Experts said the 7-year-old's account should have raised a red flag; until children reach puberty and start to have sexual urges, they are generally incapable of imagining rape scenarios. The detective, they added, seemed to judge the child's body language as he would an adult's.

The police chief in Fallon, Kevin Gehman, said the girl's account was fully investigated but acknowledged "some weaknesses in the investigative process." He would not elaborate.

CNN's questions about the case prompted a review of all sexual assault investigations by the police and the city attorney. As a result, the attorney instructed police to stop destroying rape kits.

Hamilton and other experts said it is rare for minors to disclose abuse soon after it occurs. Out of fear or confusion — or because predators manipulate them — young victims may delay talking about what happened for years, if not decades. That's all the more reason to maintain their rape kits.

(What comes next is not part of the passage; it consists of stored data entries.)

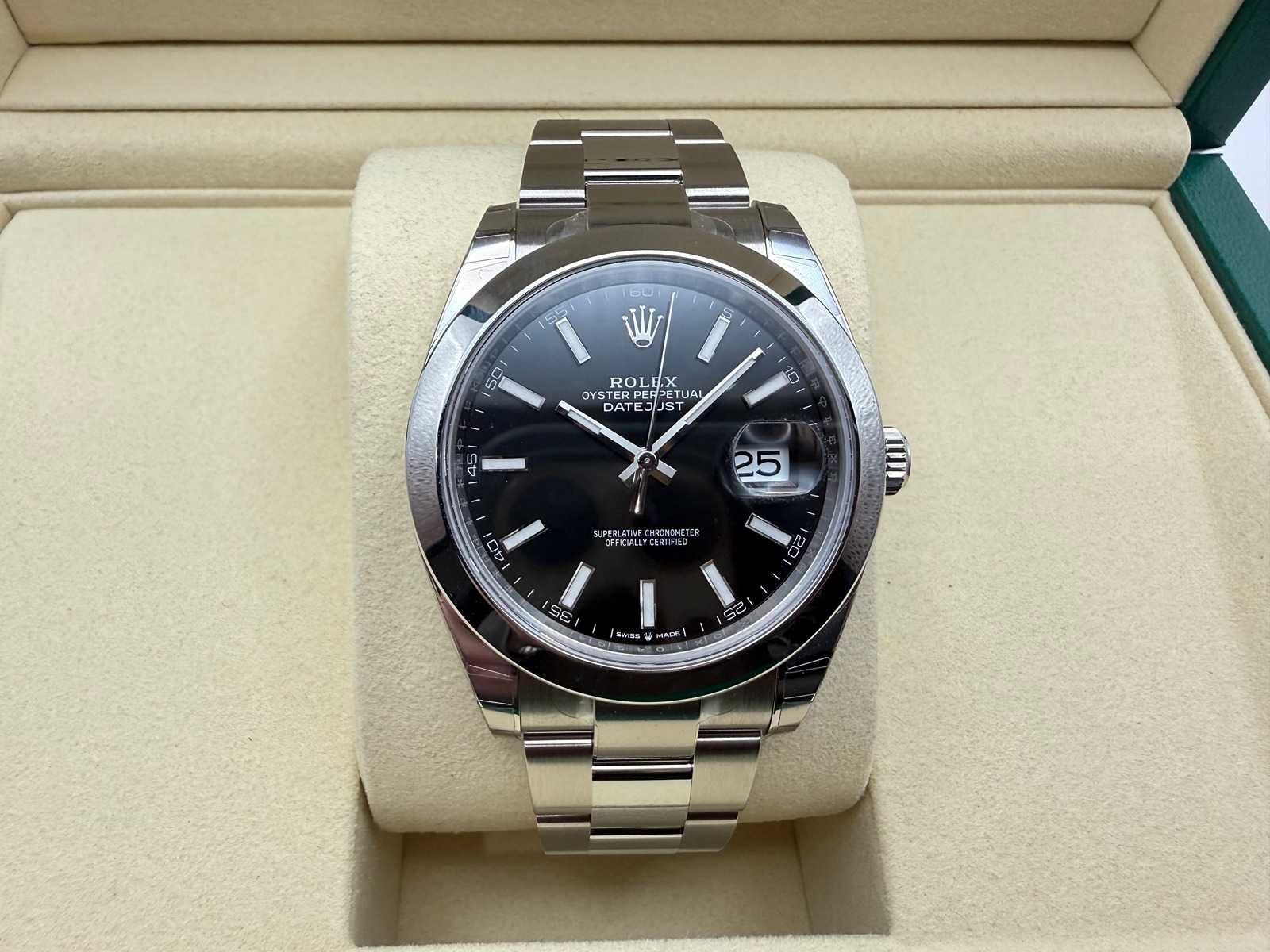 Key Features: Model: Rolex Datejust 41 mm Reference: 126300 Condition: Brand new, unworn Material: Stainless steel Dial: Black Bezel: Smooth Bracelet: Oyster Full set: Includes box, papers, warranty card, and Rolex tag Warranty: 5-year Merk: Rolex Model: Datejust 41 Bouwjaar: 2025 Referentienummer: 126300 Materiaal kast: Steel Materiaal horlogeband: Steel Oyster Smooth Materiaal sluiting: Steel Wijzerplaat: Black Kastmaat: 41 mm
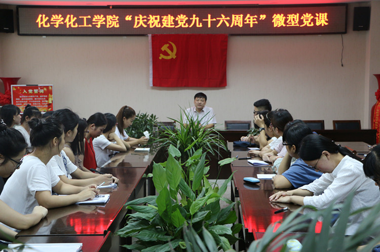 党委书记郭鹏以“社会主义核心价值观的科学内涵”为题,在化学楼407会议室为三十余名新发展学生党员做报告,报告由党委秘书冷向宇主持。
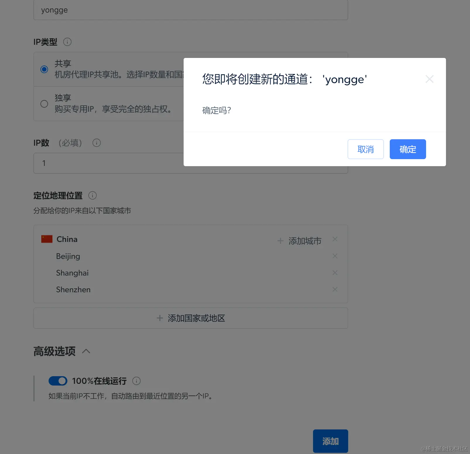 可以选择获取的ip地域,我这里选择的是咱们国家的三个城市,直接点击创建即可。
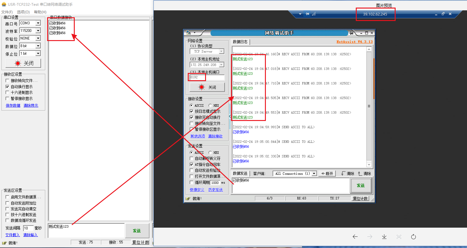用户的串口设备可以通过本模块发送数据到远程服务器,模块也可以接收来自服务器的数据,并将信息转发至串口设备。

When children report what happened immediately, "it's extraordinary," Hamilton said. "When they have a rape kit, that's a gift."

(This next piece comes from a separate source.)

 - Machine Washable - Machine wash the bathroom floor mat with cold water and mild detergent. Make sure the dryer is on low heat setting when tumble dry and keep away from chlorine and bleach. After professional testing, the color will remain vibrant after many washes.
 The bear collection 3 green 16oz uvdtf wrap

We thought we were doing things the right way

As head of the Fayetteville Police Department cold case unit, Lieutenant John Somerindyke discovered the massive rape kit destruction that prompted Chief Medlock to hold a news conference. Both men felt compelled to right the department's wrong.

Somerindyke has spent the last two years looking at old rape cases, figuring out whether sex crimes cases involving more than 300 victims could be reinvestigated — without their rape kits.

In the beginning, he could barely get through the reports. "I was angry," he said. "It got to the point where I had to stop reading...It was getting so disheartening."

Many cases looked as though they could have been solved, but the investigations were deeply flawed. The problems were the result of a lack of training, he said, but also a department culture that failed to take sex crimes as seriously as other violent felonies.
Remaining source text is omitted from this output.